John Wilkes Hopwood, interprète de Rommel au temps du muet et viré des studios en 1929, a toujours le corps d’un Antinoüs ; Constance Rattigan, ex-starlette calfeutrée dans son palais marocain depuis trente ans, est capable de performances de nageuse olympique ; Henry, l’aveugle clairvoyant se dirige mieux que quiconque ; Fannie, la soprano paralysée par l’obésité, garde sa voix d’or pour les maltraités de la vie…
3- La médiocrité et le renoncement : les « meurtres » relèvent de l’autodestruction dès lors que leurs pauvres cibles ont abandonné le combat.

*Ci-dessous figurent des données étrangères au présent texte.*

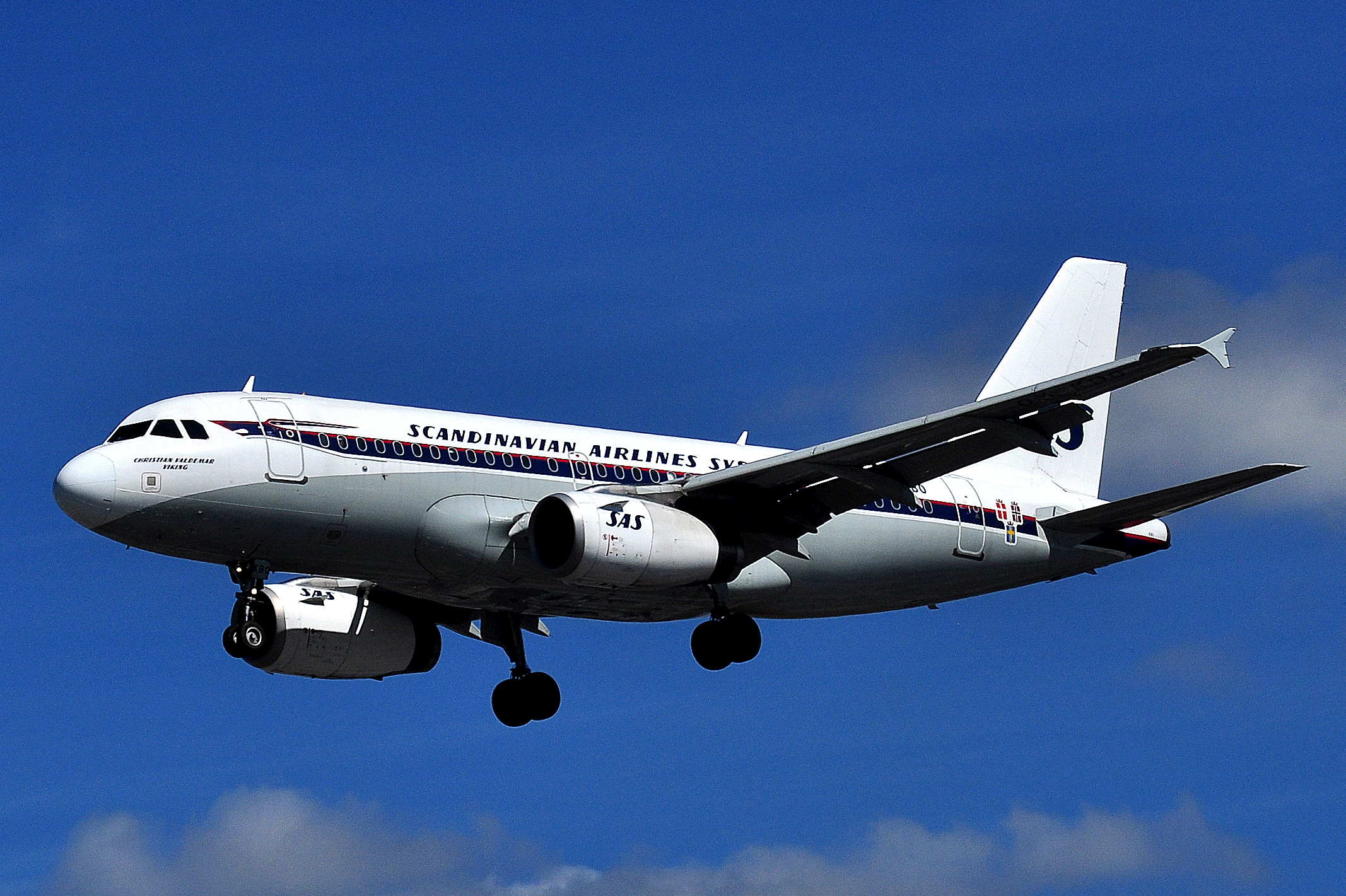 Model: Airbus A319-100 Airline: SAS Scandinavian Airlines Registration number: OY-KBO

4 – l’importance de la culture et de la littérature : L’écrivain « martien » est aussi à l’aise en compagnie des dieux de l’Olympe que des personnages de comics de 1920 (sergent Kupp et Krazykat), Lewis Caroll rencontre les frères Grimm derrière sa machine à écrire, Kant et Sigmund Freud le guettent à chaque coin de rue…
5 - Si la traduction est quelquefois poussive, le titre français, poétique en diable, (trouvaille du traducteur Emmannuel Jouanne ?) est bien supérieur au titre original « Death is a lonely business ».
Quelques réserves
Répétitif et parfois pompeux, le roman aurait sans doute pu se limiter à une longue nouvelle, genre dans lequel Bradbury excelle. Avec plus de concision, il y aurait gagné en force.
Encore un mot...
Les affres de la création chez un jeune auteur qui n’est pas encore le célébrissime Bradbury me semble être l’un des intérêts primordiaux de ce roman foisonnant, écrit en fin de vie et très différent des genres qui ont fait la célébrité de l’écrivain. Cette dimension particulière (même si elle est moins aboutie) n’est pas sans rappeler le superbe « Martin Eden » de Jack London.
Une phrase
- p. 85 : « Je tapais sur ma machine à écrire pour lui arracher de mauvais poèmes, ou écrivais l’histoire d’une épouse martienne qui se languit d’amour et rêve qu’un terrien tombe du ciel et se fait tuer pour la peine. » (cf. Chroniques martiennes – Ylla)
- p ; 237 : « Je faisais le Rêve (…) Quelqu’un se précipitait en brandissant un télégramme m’annonçant que je venais de vendre pour cent mille dollars de droits d’adaptation au cinéma ! (…) Je voyais tous les visages se muer en glace quand ils se forçaient à me faire des sourires de félicitations (…) Soudain j’étais l’étranger (…) J’avais changé pour toujours. On ne me le pardonnerait jamais ».
- p. 302 : « Le vent soufflait dehors et les arbres tremblaient et d’un seul coup ces foutues idées se sont mises à bouillonner comme des asticots sur une plaque chauffante. Et je me suis levé comme un beau diable, j’ai marché, je me suis assis et je me suis retrouvé en train de taper comme un malade, incapable de m’arrêter, et à l’aube il y avait une grosse montagne, ou une taupinière de papier, et je ne cessais de rire et de pleurer. (…) Et sur le coup de six heures du matin je me suis allongé là en regardant toutes ces feuilles et en riant, en riant, et en me sentant aussi comblé que si je venais de vivre le début d’une histoire d’amour toute neuve avec la plus belle fille du monde. »
L'auteur
Mort en 2012 à l’âge de 91 ans, Ray Bradbury est une référence de la science-fiction américaine des années 50 (Van Vogt, Asimov etc…) avec Chroniques Martiennes, Fahrenheit 451, ainsi que bien d’autres nouvelles plus proches du fantastique que de la réalité scientifique. En ce sens, les amateurs de science-fiction pure et dure ne se reconnaissent guère dans une œuvre qui en reste toutefois l’une des premières signatures.